1 Introduction

The Lorentz and CPT invariance are foundations of particle physics. Testing the validity of these two invariance principles has been a topic of the highest significance in the field. One of the tests is to use cosmological birefringence [1, 2], which is an additional rotation of synchrotron radiation from the distant radio galaxies and quasars. Since it is wavelength-independent, it is different from Faraday rotation. The first indication of cosmological birefringence was claimed by Nodland and Ralston [3]. Unfortunately, it has been shown that there is no statistically significant signal [48]. Nevertheless, this provides a new way to search for new physics in cosmology. In recent years, there are many groups using combined data to constrain this small violation effect. In particular, the analysis by Feng et al. [2] gives \(\Delta \alpha =-6.0 \pm 4.0^\circ \), while the Wilkinson Microwave Anisotropy Probe (WMAP) group \(\Delta \alpha = -1.7 \pm 2.1^\circ \) with 5 year data [9]. In addition, the Combined WMAP 5 year data with the BOOMERanG data leads to \(\Delta \alpha = -2.6 \pm 1.9^\circ \) [1013], and an improved result by the QUaD Collaboration is \(\Delta \alpha =0.64\,\pm \,0.5\,\pm \,0.5^\circ \) [14, 15]. Combined QUaD, WMAP7, B03 and BICEP data indicates \(\Delta \alpha =-0.04\pm 0.35^\circ \) [16]. In a recent paper, the constraint \(\Delta \alpha =-0.8 \pm 2.2^\circ \) has been reported [17]. It has been pointed out that the Planck Surveyor [18] will reach a sensitivity of \(\Delta \alpha \) at levels of \(10^{-2}\)\(10^{-3}\) [19], while a dedicated future experiment on the cosmic microwave background radiation polarization would reach \(10^{-5}\)\(10^{-6}\) \(\Delta \alpha \)-sensitivity [19].

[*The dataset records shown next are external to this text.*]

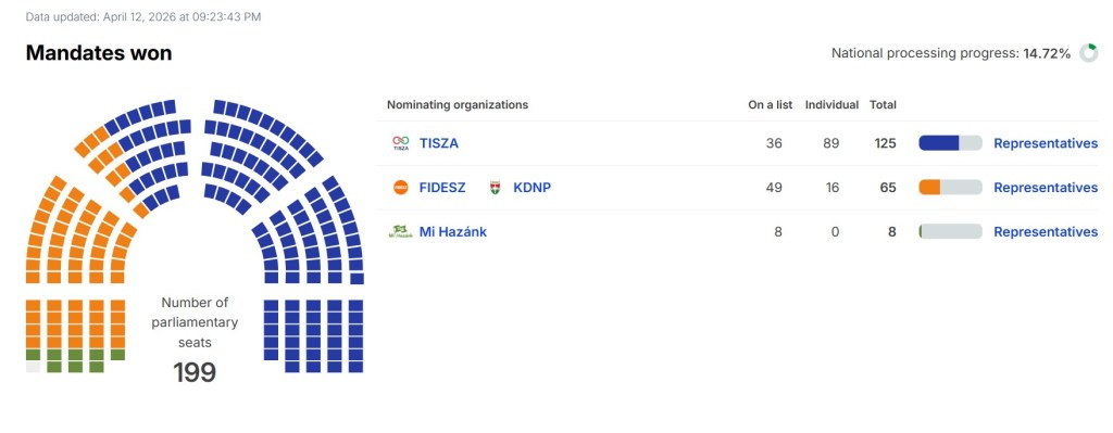 Primele rezultate parțiale oficiale indică un avantaj pentru Tisza, partidul lui Péter Magyar, care ar avea 110 locuri în parlamentul cu 199 de locuri.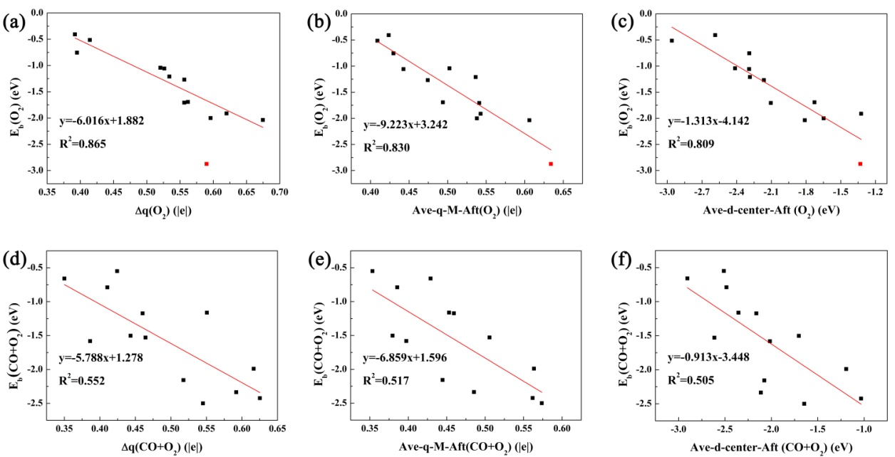 基于上述高活性配位模型,作者系统研究了5种常用过渡金属(Fe、Co、Ni、Cu和Pt)的不同组合模式的催化活性。结果表明,含Fe组合的催化性能要普遍优于其它模型,且Fe-Ni催化活性最高。为了探索可以表征不同组合结构催化性能的描述符,作者进一步详细计算了各类模型的电子结构,并以此为基础构建了50组构效关系。对比分析发现,电荷转移、双金属所带电荷的平均值以及双金属d轨道中心位置的平均值都可以作为单一反应物(如O2)吸附稳定性的描述符(如图3所示)。但是,对于多分子反应物(如CO+O2),只有关键吸附物的吸附能和反应能垒描述符具有良好的线性关系。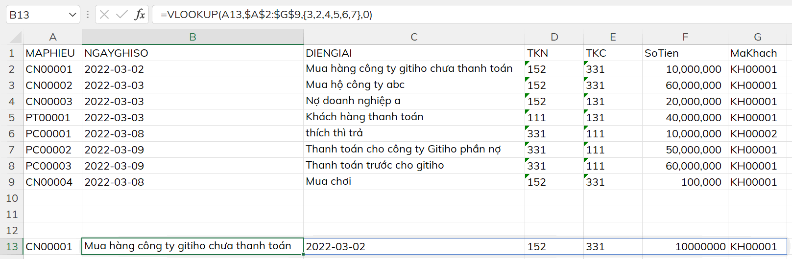 Làm sao dùng hàm để trích xuất ra 3 giá trị tương ứng với ô G2 và vùng dữ liệu bên cạnh ạ?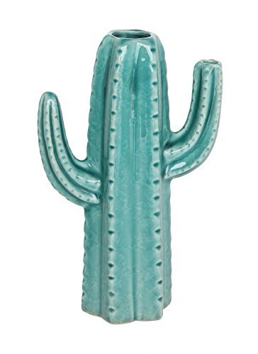 Creative Co-Op Decorative Cactus Shaped Stoneware Vase Blue [並行輸入品]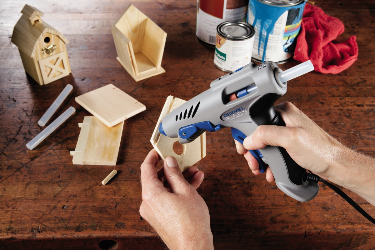 Инструмент Dremel вообще славится своим качеством, поэтому не удивительно, что клеевой пистолет столь удобный и надежный. У него мягкий, четко работающий курок, и очень точный механизм подачи клея. Носик не «сопливит», даже если оставить инструмент включенным на полную мощность, и вы не испачкаете стол каплями клея.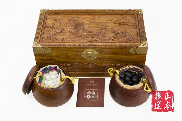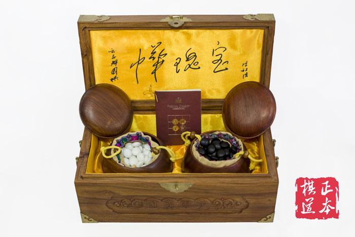 特点:内外盒精选木质坚实,花纹精美的花梨精制而成,全手工打磨双面凸棋子,具有很高的收藏价值。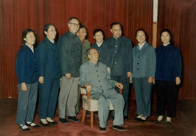 1975年,毛泽东主席(前)手术后与唐由之(左三)等医疗人员合影。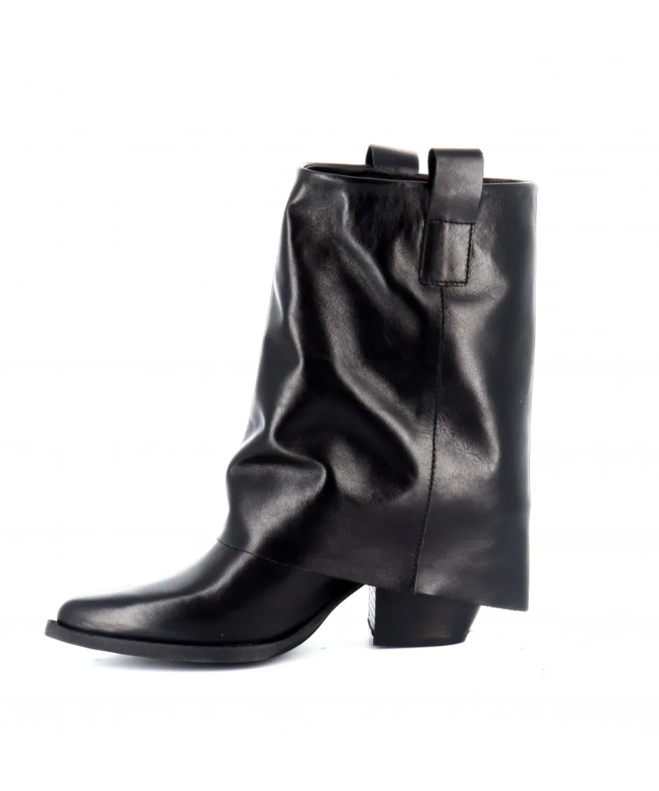 Le daim noir de haute qualité confère une texture luxueuse à ces bottines, tandis que la tige rabattable permet de varier le style selon vos préférences. Avec un bout pointu élégant, ces bottines ajoutent une touche de sophistication à votre look.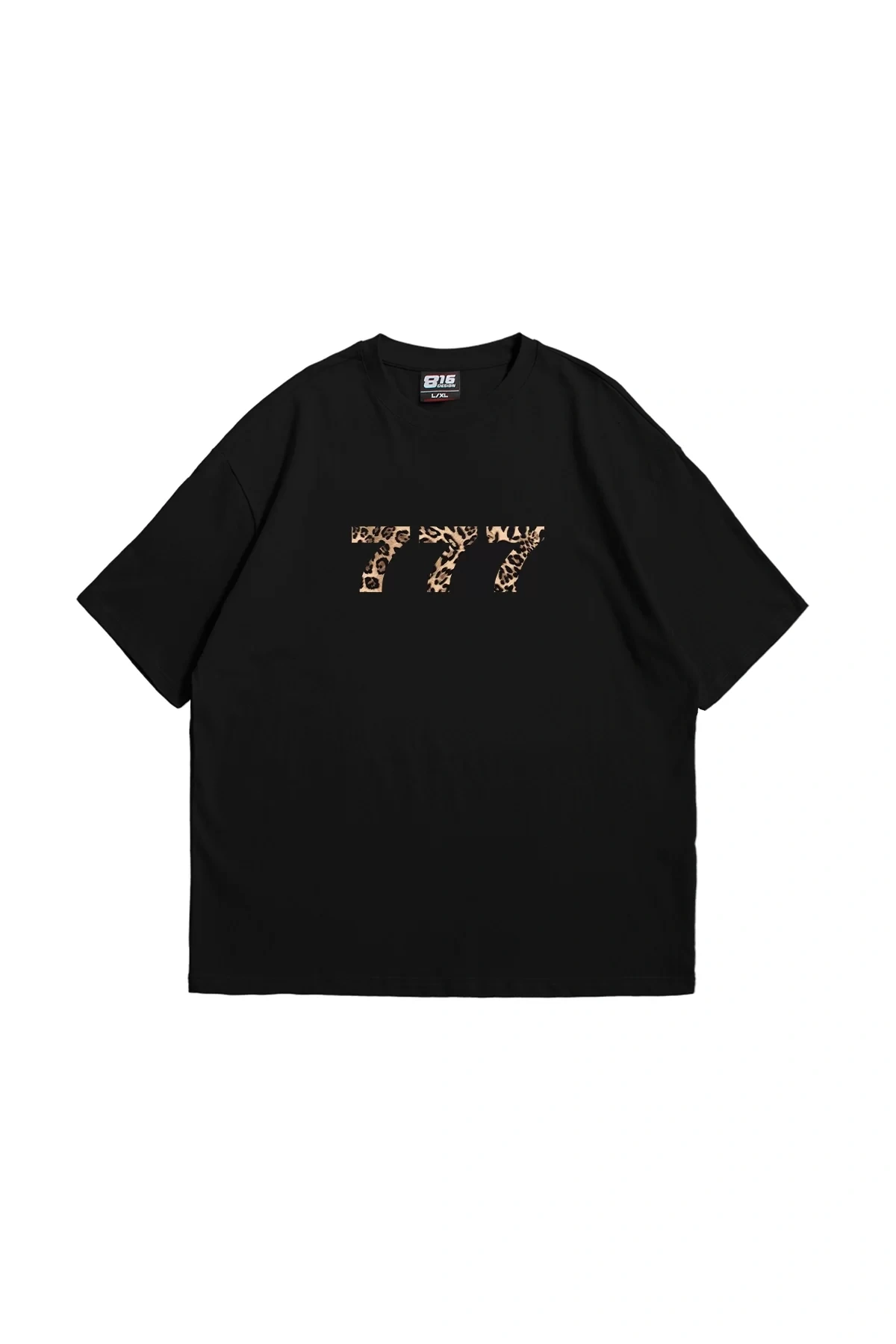 777 Leopar Baskılı Oversize Unisex Siyah Tshirt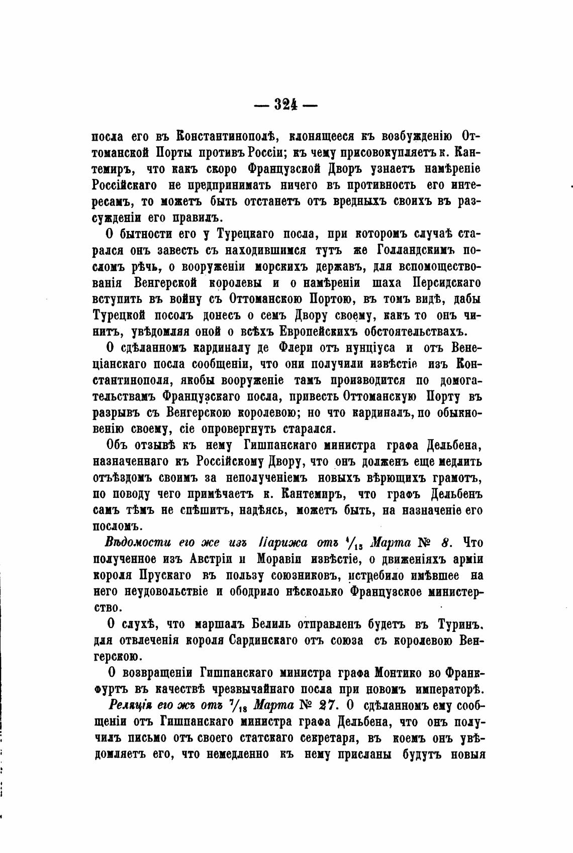 по поводу чего прим“аетъ к. Кантемиръ, что граоъ Дедьбенъ

It is well known that this phenomenon can be used to test the Einstein equivalence principle as was first pointed out by Ni [20, 21]. Another theoretical origin of the birefringence was developed by Carroll et al. [1, 4]. They modified the Maxwell Lagrangian by adding a CPT violating Chern–Simons term [1], which results in numerous subsequent works [2244]. In Ref. [45], a CPT-even dimension-six Chern–Simons-like term was considered, in which the four-vector \(p_{\mu }\) is related to a neutrino current [45] and there is a Kalb–Ramond field as an auxiliary field to maintain general gauge invariance. It is clear that the observation of the cosmological birefringence may not imply CPT violation [46, 47] but parity violation.

In this paper, we extend the study in Ref. [45] by considering the dynamics of a Kalb–Ramond field and a scalar field. We consider the flat Friedmann–Lemaître–Robertson–Walker (FLRW) space-time with the metric: \({\hbox {d}s}^{2} = -{\hbox {d}t}^{2} + a^{2}(t)\hbox {d}{{\varvec{x}}}^2\), where \(a(t)\) is the scale factor. We use the signature convention for the metric tensor \(g= \mathrm {diag} (-,+,+,+)\) and \(\epsilon ^{\mu \nu \alpha \beta }=\left( 1/\sqrt{g}\right) \mathrm{e}^{\mu \nu \alpha \beta }\), where \(\mathrm{e}^{\mu \nu \alpha \beta }\) is the Levi-Civita tensor normalized by \(\mathrm{e}^{0123}=+1\). We also use units of \(k_\mathrm {B} = c = \hbar = 1\).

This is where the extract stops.